大成:しいて言えば、「You and me」は他の4曲とは違う捉え方をしているかな。

――どの曲を聴いても、アレンジの中で必ずフックというか、“おっ”という部分を入れてますよね?

山下:それは自分たちのアイデンティティというか、ヴォーカルだけのバンドにはしたくないって気持ちですね。

――「canvas」なんかは、優しいメロディが続く曲だけど、前半と後半とでガラッとアレンジが変わりますよね?

仲手川:あの曲は最初から最後まで、ずっとゆったりとしたイメージの曲だったんです。でもそのままのアレンジだと、演っていても聴いていてもつまらない。なので、演奏していく中でどんどん変化していくアレンジにしたいって思ったんです。それをリズム隊に提示して、作っていきました。根本に、演っていてつまらないものは嫌だという気持ちがあるんです。

――SPANK PAGEの曲は、ループ的なフレーズを使いつつ、そこにさまざまなものをブレンドしていくような感じがありますよね?
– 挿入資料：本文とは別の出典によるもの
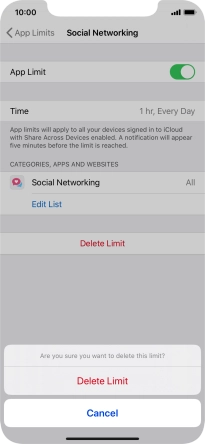 Press the remove icon next to the required app to remove it from the list of allowed apps during Downtime.

山下:じつはそこまで綿密に考えてアレンジしているわけじゃなくて、作っていく過程の中で変化していく感じなんです。

――なるほど。では、曲はどんな感じで作っていくんですか?

仲手川:僕が弾き語りのような形で原曲を持っていくんです。それを聴かせて、それぞれのメンバーにイメージを受け取ってもらう感じです。そこでまずどういう曲にしようか話し合ったり、または僕の中で“こういう曲にしたい”というイメージが先にあるものは、それを説明して作っていきます。

――スタジオで作っていく感じですか?

仲手川:その場というよりは、一度それぞれが持って帰って……、考えてくる人もいれば、考えてこない人もいるんですけど(笑)。
山下:スタジオでも曲はどんどん進化していくし、ライヴをやっていく中でも少しずつだけど、進化していくんです。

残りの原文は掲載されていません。